* [Try it] Line by line, repeat the material below exactly and leave the images out.

* [Material provided]
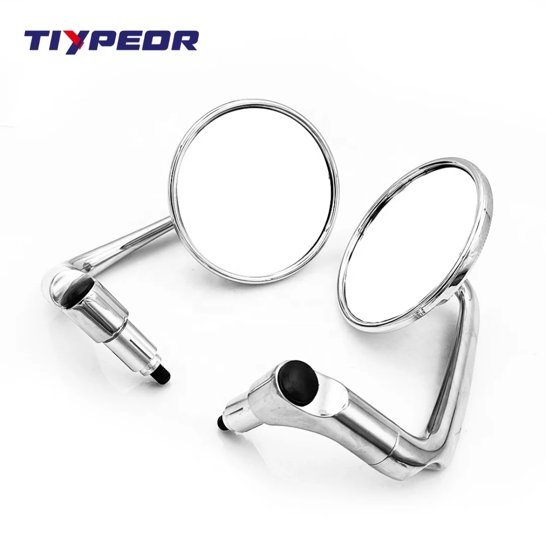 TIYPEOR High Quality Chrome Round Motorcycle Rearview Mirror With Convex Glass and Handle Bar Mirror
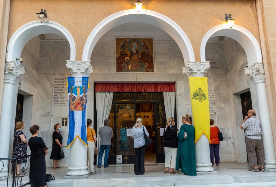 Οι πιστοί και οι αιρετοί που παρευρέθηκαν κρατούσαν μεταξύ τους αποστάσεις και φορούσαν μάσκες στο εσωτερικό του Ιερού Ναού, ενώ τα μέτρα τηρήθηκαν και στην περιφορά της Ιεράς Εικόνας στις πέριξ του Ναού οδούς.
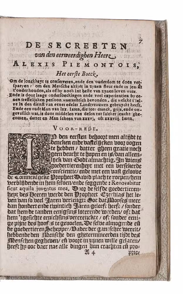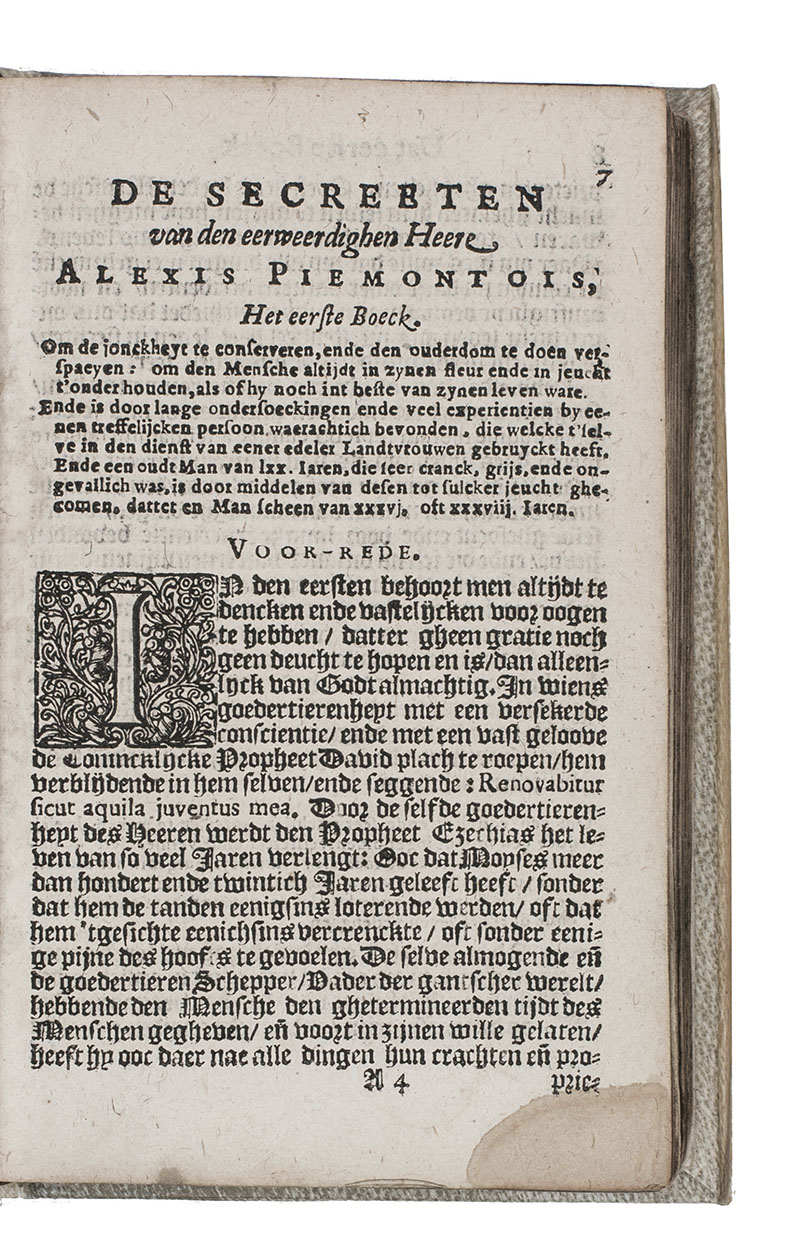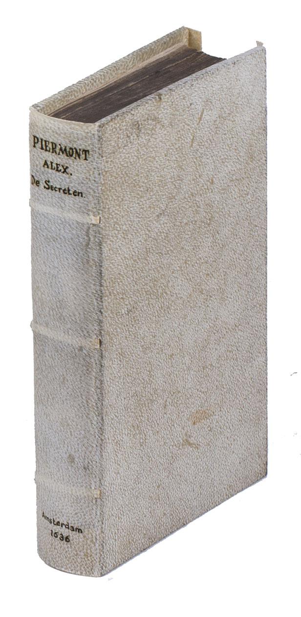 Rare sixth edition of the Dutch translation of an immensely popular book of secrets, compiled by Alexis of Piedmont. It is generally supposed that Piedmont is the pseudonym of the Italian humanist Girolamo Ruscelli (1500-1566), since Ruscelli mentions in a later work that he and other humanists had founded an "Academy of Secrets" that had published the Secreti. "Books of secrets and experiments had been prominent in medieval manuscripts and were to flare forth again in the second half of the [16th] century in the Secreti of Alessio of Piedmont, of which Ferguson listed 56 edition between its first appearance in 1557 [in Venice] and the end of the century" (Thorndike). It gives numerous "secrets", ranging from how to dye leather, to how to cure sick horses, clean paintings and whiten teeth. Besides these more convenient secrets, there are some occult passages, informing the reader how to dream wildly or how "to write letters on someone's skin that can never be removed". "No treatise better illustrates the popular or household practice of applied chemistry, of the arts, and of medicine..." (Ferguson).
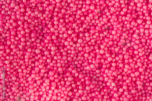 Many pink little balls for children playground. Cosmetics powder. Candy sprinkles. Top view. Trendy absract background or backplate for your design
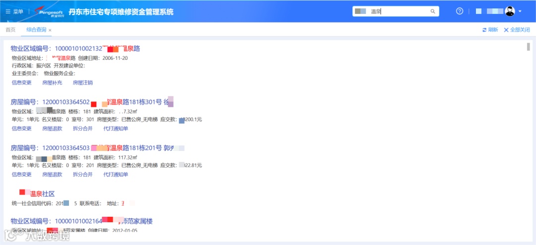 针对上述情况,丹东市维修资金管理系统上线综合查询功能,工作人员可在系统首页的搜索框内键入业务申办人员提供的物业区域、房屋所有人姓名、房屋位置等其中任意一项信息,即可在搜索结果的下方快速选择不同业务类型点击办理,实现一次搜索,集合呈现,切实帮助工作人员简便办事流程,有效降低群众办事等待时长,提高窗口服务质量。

* [Result below]
 TIYPEOR High Quality Chrome Round Motorcycle Rearview Mirror With Convex Glass and Handle Bar Mirror
 Οι πιστοί και οι αιρετοί που παρευρέθηκαν κρατούσαν μεταξύ τους αποστάσεις και φορούσαν μάσκες στο εσωτερικό του Ιερού Ναού, ενώ τα μέτρα τηρήθηκαν και στην περιφορά της Ιεράς Εικόνας στις πέριξ του Ναού οδούς.
 Rare sixth edition of the Dutch translation of an immensely popular book of secrets, compiled by Alexis of Piedmont. It is generally supposed that Piedmont is the pseudonym of the Italian humanist Girolamo Ruscelli (1500-1566), since Ruscelli mentions in a later work that he and other humanists had founded an "Academy of Secrets" that had published the Secreti. "Books of secrets and experiments had been prominent in medieval manuscripts and were to flare forth again in the second half of the [16th] century in the Secreti of Alessio of Piedmont, of which Ferguson listed 56 edition between its first appearance in 1557 [in Venice] and the end of the century" (Thorndike). It gives numerous "secrets", ranging from how to dye leather, to how to cure sick horses, clean paintings and whiten teeth. Besides these more convenient secrets, there are some occult passages, informing the reader how to dream wildly or how "to write letters on someone's skin that can never be removed". "No treatise better illustrates the popular or household practice of applied chemistry, of the arts, and of medicine..." (Ferguson).
 Many pink little balls for children playground. Cosmetics powder. Candy sprinkles. Top view. Trendy absract background or backplate for your design
 针对上述情况,丹东市维修资金管理系统上线综合查询功能,工作人员可在系统首页的搜索框内键入业务申办人员提供的物业区域、房屋所有人姓名、房屋位置等其中任意一项信息,即可在搜索结果的下方快速选择不同业务类型点击办理,实现一次搜索,集合呈现,切实帮助工作人员简便办事流程,有效降低群众办事等待时长,提高窗口服务质量。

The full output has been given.